Mounted at /content/drive


In [3]:
%cd /content/drive/MyDrive/PIL

/content/drive/MyDrive/PIL


In [4]:
import torch
import torch.nn as nn
import pandas as pd
import numpy as np
import matplotlib.pyplot as plt
import transformers
from transformers import BertModel, BertTokenizer, AdamW, get_linear_schedule_with_warmup
from torch.optim import lr_scheduler

import logging
logging.basicConfig(level=logging.ERROR)

import warnings
warnings.filterwarnings("ignore")

In [5]:
class SentimentClassifier(nn.Module):
  """
  This class defines the model architecture which is simply a fully-connected
  layer on top of a pre-trained BERT model. 
  """

  def __init__(self, BERT_MODEL):
    super(SentimentClassifier, self).__init__()
    self.bert = BertModel.from_pretrained(BERT_MODEL)
    self.drop = nn.Dropout(p=0.3)
    self.out = nn.Linear(self.bert.config.hidden_size, 2) # Binary Classifier

  def forward(self, ids, mask, token_type_ids):
    last_hidden_state, pooled_output = self.bert(ids, attention_mask=mask, token_type_ids=token_type_ids, return_dict=False)
    output = self.drop(pooled_output)
    return self.out(output)

In [6]:
class SentiHood:
  """
  This class tokenizes the input text using the pre-trained BERT tokenizer 
  (wordpiece) and returns the corresponding tensors.
  """
  
  def __init__(self, text, auxiliary_sentence, targets, tokenizer, max_len):
    self.text = text
    self.auxiliary_sentence = auxiliary_sentence
    self.tokenizer = tokenizer
    self.max_len = max_len
    self.targets = targets

  def __len__(self):
    return len(self.targets)

  def __getitem__(self, item):
    text = str(self.text[item])
    auxiliary_sentence = str(self.auxiliary_sentence[item])
    targets = self.targets[item]

    text = text + ' ' + auxiliary_sentence

    inputs = self.tokenizer.encode_plus(
        text,
        add_special_tokens = True,
        max_length = self.max_len,
        pad_to_max_length = True
    )

    ids = inputs["input_ids"]
    mask = inputs["attention_mask"]
    token_type_ids = inputs["token_type_ids"]

    return {
        "ids": torch.tensor(ids, dtype=torch.long),
        "mask": torch.tensor(mask, dtype=torch.long),
        "token_type_ids": torch.tensor(token_type_ids, dtype=torch.long),
        "targets": torch.tensor(targets, dtype=torch.long)
    }

In [7]:
def loss_function(outputs, targets):
	"""
	This function defines the loss function which is used to train the model, i.e.
	CrossEntropy.
	"""

	# probability, predicted = torch.max(outputs, 1)
	# print(f"Predicted = {predicted.cpu().detach().numpy()}\nTargets = {targets}")

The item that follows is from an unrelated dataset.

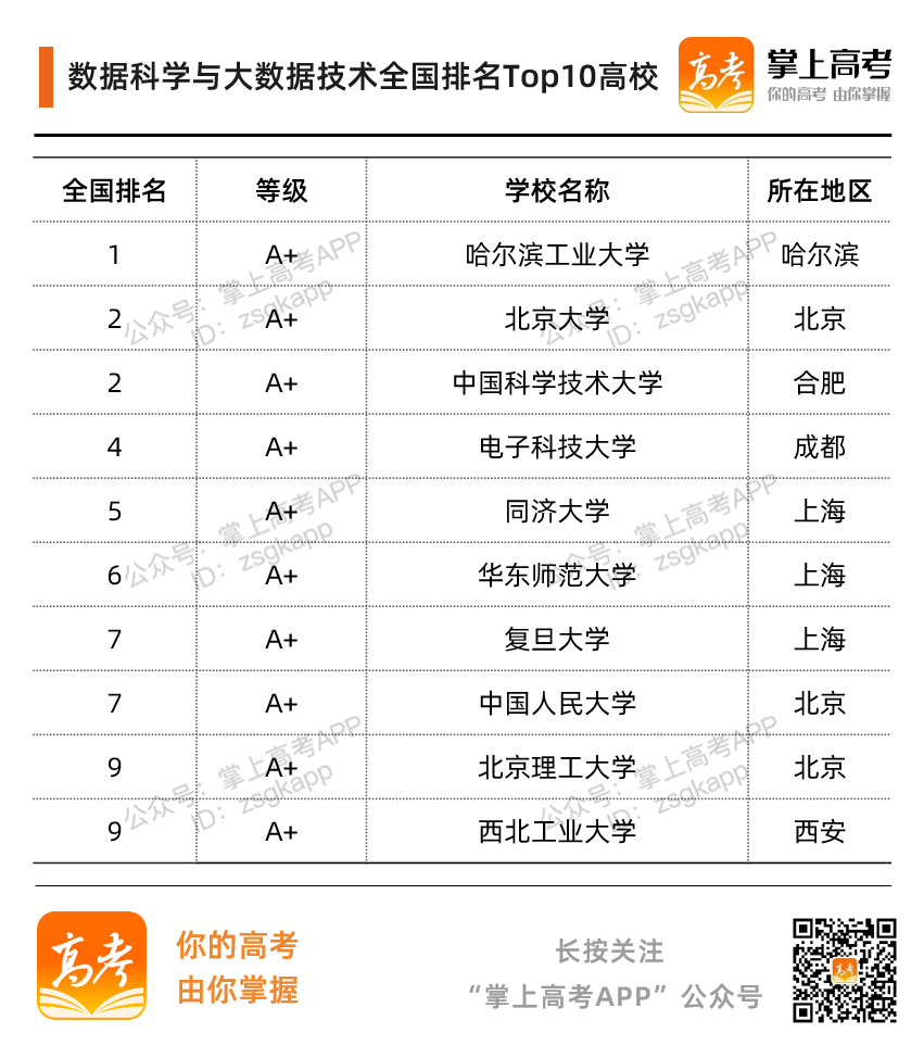 在2021年软科中国大学专业排名榜单中,共有309所院校的数据科学与大数据技术专业上榜。Top 10 院校排名如下:

	return nn.CrossEntropyLoss(reduction='mean')(outputs, targets)


In [8]:
def train_loop_function(data_loader, model, optimizer, device):
  """
  This function defines the training loop over the entire training set.
  """

  model.train()

  running_loss = 0.0
  for bi, d in enumerate(data_loader):
    ids = d["ids"]
    mask = d["mask"]
    token_type_ids = d["token_type_ids"]
    targets = d["targets"]

    ids = ids.to(device, dtype=torch.long)
    mask = mask.to(device, dtype=torch.long)
    token_type_ids = token_type_ids.to(device, dtype=torch.long)
    targets = targets.to(device, dtype=torch.long)

    optimizer.zero_grad()

    outputs = model(ids=ids, mask=mask, token_type_ids=token_type_ids)
    loss = loss_function(outputs, targets)

    loss.backward()
    optimizer.step()

    running_loss += loss.item()
    if bi % 10 == 0 and bi!=0:
      temp = f'Batch index = {bi}\tLoss = {running_loss/10}'
      print(temp)

      f1 = open('/content/drive/MyDrive/PIL/BERT-ABSA/Bert-pair/NLI-B/Models/' + 'loss.txt', 'a+')
      temp = temp + '\n'
      f1.write(temp)
      f1.close()

      running_loss = 0.0

In [9]:
def eval_loop_function(data_loader, model, device):
  """
  This function defines the evaluation loop over the entire validation set.
  It also computes accuracy of the trained model, which is used to select the 
  best model.
  """

  model.eval()

  corrects = 0
  total = 0
  for bi, d in enumerate(data_loader):
    ids = d["ids"]
    mask = d["mask"]
    token_type_ids = d["token_type_ids"]
    targets = d["targets"]

    ids = ids.to(device, dtype=torch.long)
    mask = mask.to(device, dtype=torch.long)
    token_type_ids = token_type_ids.to(device, dtype=torch.long)
    targets = targets.to(device, dtype=torch.long)

    outputs = model(ids=ids, mask=mask, token_type_ids=token_type_ids)

    _, predicted = torch.max(outputs, 1)
    total = total + targets.size(0)
    corrects = corrects + (predicted==targets).sum().item()

    print(f"bi: {bi}\nPredicted: {predicted}\nTargets: {targets}")

  accuracy = corrects / total * 100
  f1 = open('/content/drive/MyDrive/PIL/BERT-ABSA/Bert-pair/NLI-B/Models/' + 'accuracy.txt', 'a+')
  temp = f"Corrects: {corrects}\tTotal: {total}\tAccuracy: {accuracy}\n"
  f1.write(temp)
  f1.close()

  return accuracy

In [11]:
def run():
  """
  This function defines hyperparameters, model and optimizer, loads required
  datasets and initiate the training and validation procedures.
  """

  TRAIN_MAX_LEN = 160
  VALID_MAX_LEN = 160
  TRAIN_BATCH_SIZE = 24
  VALID_BATCH_SIZE = 24
  EPOCHS = 4
  BERT_MODEL = 'bert-base-uncased'
  LEARNING_RATE = 2e-5

  locations = ['LOCATION1', 'LOCATION2']
  aspects = ['dining', 'general', 'green-nature', 'live', 'multicultural', 'nightlife', 'price', 'quiet', 'safety','shopping', 'touristy', 'transit-location']

  training_set_path = '/content/drive/MyDrive/PIL/BERT-ABSA/Bert-pair/NLI-B/Datasets/training_set.csv'
  validation_set_path = '/content/drive/MyDrive/PIL/BERT-ABSA/Bert-pair/NLI-B/Datasets/validation_set.csv'

  df_train = pd.read_csv(training_set_path)
  df_valid = pd.read_csv(validation_set_path)
  df_train = df_train.reset_index(drop=True)
  df_valid = df_valid.reset_index(drop=True)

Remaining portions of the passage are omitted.